Tess Chakkalakal Discusses A Matter of Complexion with Rebecca Carroll
Brooklyn Heights Library welcomes author Tess Chakkalakal to discuss A Matter of Complexion: The Life and Fictions of Charles W. Chesnutt with writer and cultural critic Rebecca Carroll.
In A Matter of Complexion, Tess Chakkalakal gives readers the first comprehensive biography of Charles W. Chesnutt. A complex and talented man, Chesnutt was born in 1858 in Cleveland to parents who were considered “mixed race.” He spent his early life in North Carolina after the Civil War. Though light-skinned, Chesnutt remained a member of the black community throughout his life. He studied among students at the State Colored Normal School who were formerly enslaved. He became a teacher in rural North Carolina during Reconstruction. His life in the South of those years, the issue of race, and how he himself identified as Black informed much of his later writing. He went on to become the first Black writer whose stories appeared in The Atlantic Monthly and whose books were published by Houghton Mifflin.

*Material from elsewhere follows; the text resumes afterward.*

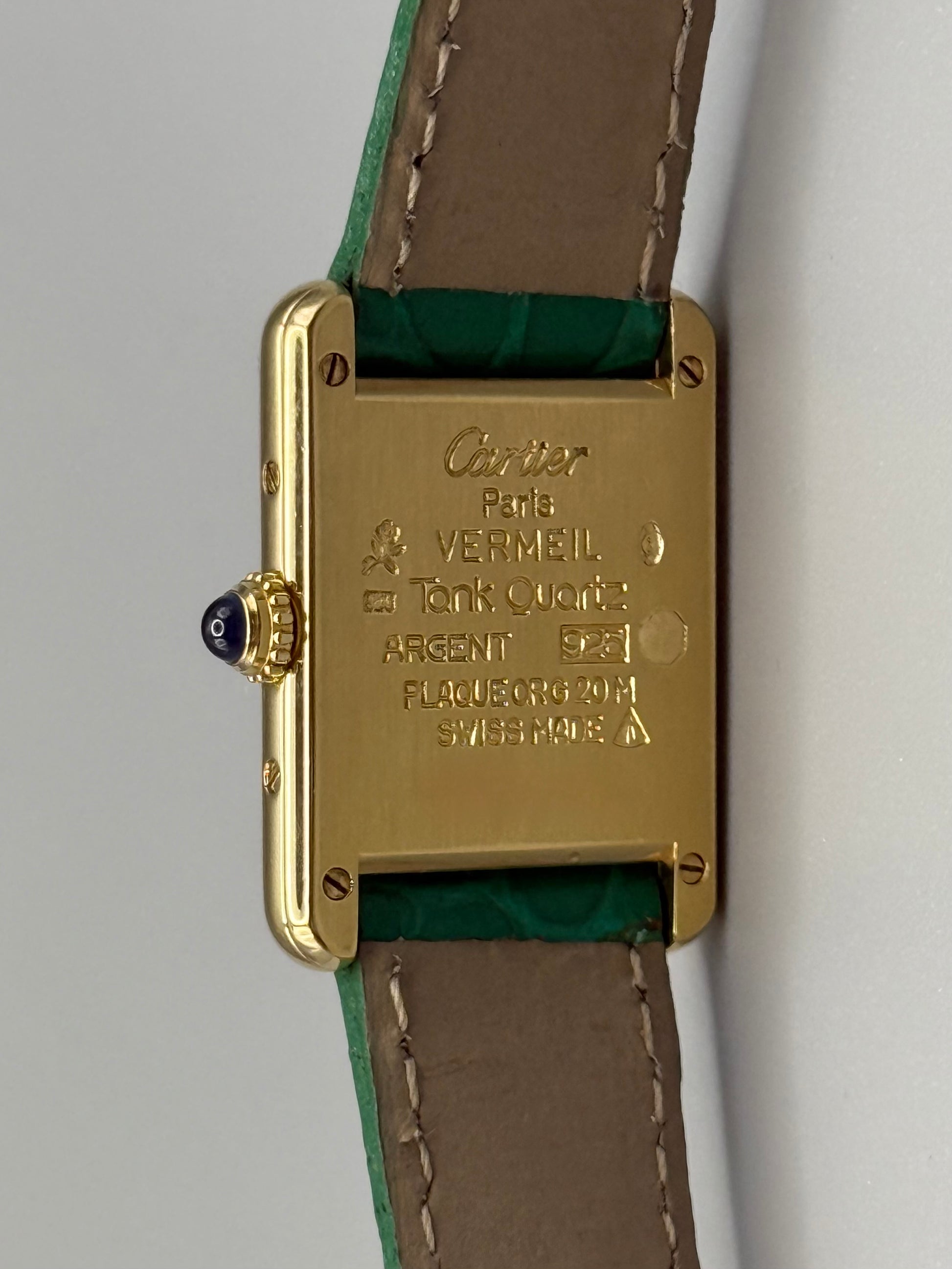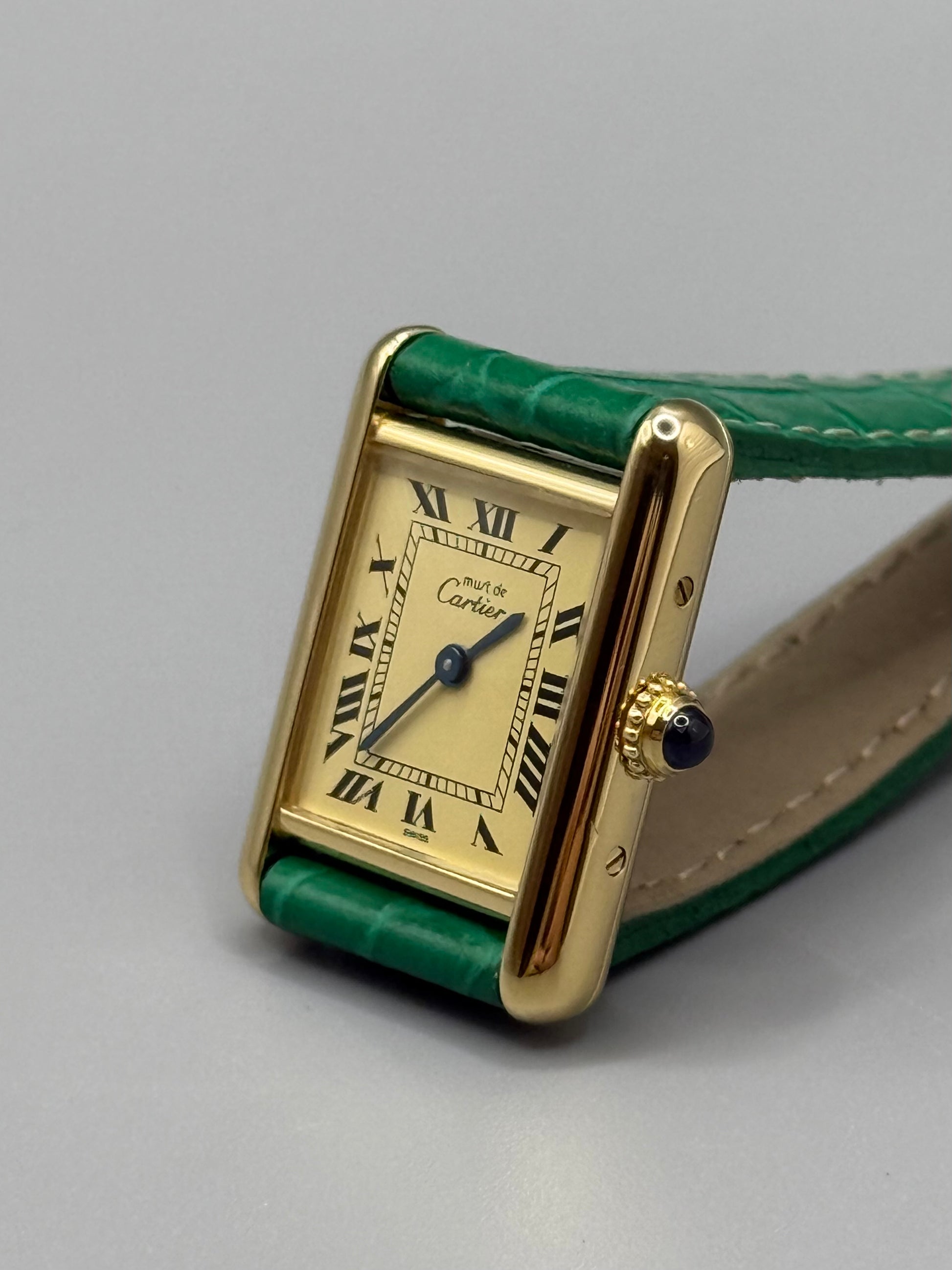La Tank porte tous les signes distinctifs forts de la Maison Cartier, la minuterie en chemin de fer, les chiffres romains, les aiguilles bleues ainsi que le cabochon de la couronne en saphir.

Through his literary work, as a writer, critic, and speaker, Chesnutt transformed the publishing world by crossing racial barriers that divided black writers from white and seamlessly including both Black and white characters in his writing. In A Matter of Complexion Chakkalakal pens the biography of a poor teacher raised in rural North Carolina during Reconstruction who became the first professional African American writer to break into the all-white literary establishment and win admirers as diverse as William Dean Howells, Booker T. Washington, Ida B. Wells, and Lorraine Hansberry.
Please RSVP in advance as registration space is limited. After the discussion, there will be a Q&A with the audience and signing. Copies will be available for sale from Word Bookstore.
PARTICIPANTS

Tess Chakkalakal teaches African-American and American Literature at Bowdoin College. Her writing has appeared in The New England Quarterly, J19, American Literary History, and many others. She is the author of Novel Bondage: Slavery, Marriage, and Freedom in Nineteenth-Century America (Illinois UP, 2011) and co-editor of Jim Crow, Literature, and the Legacy of Sutton E. Griggs (University of Georgia Press, 2013) and Imperium in Imperio: A Critical Edition (West Virginia UP, 2022). She is co-host and creator of the award-winning podcast Dead Writers: A Show About Great American Authors and Where They Lived. She is the recipient of the 2025 Sylvia Lyons Render Award for her contribution to Charles W. Chesnutt studies. She lives in Brunswick, Maine.

Rebecca Carroll is a writer and cultural critic, and editor at large for The Meteor media collective. Her writing has been published widely, and she is the author of several nonfiction books, including her recent memoir, Surviving the White Gaze, which was called "gorgeous and powerful" by the New York Times.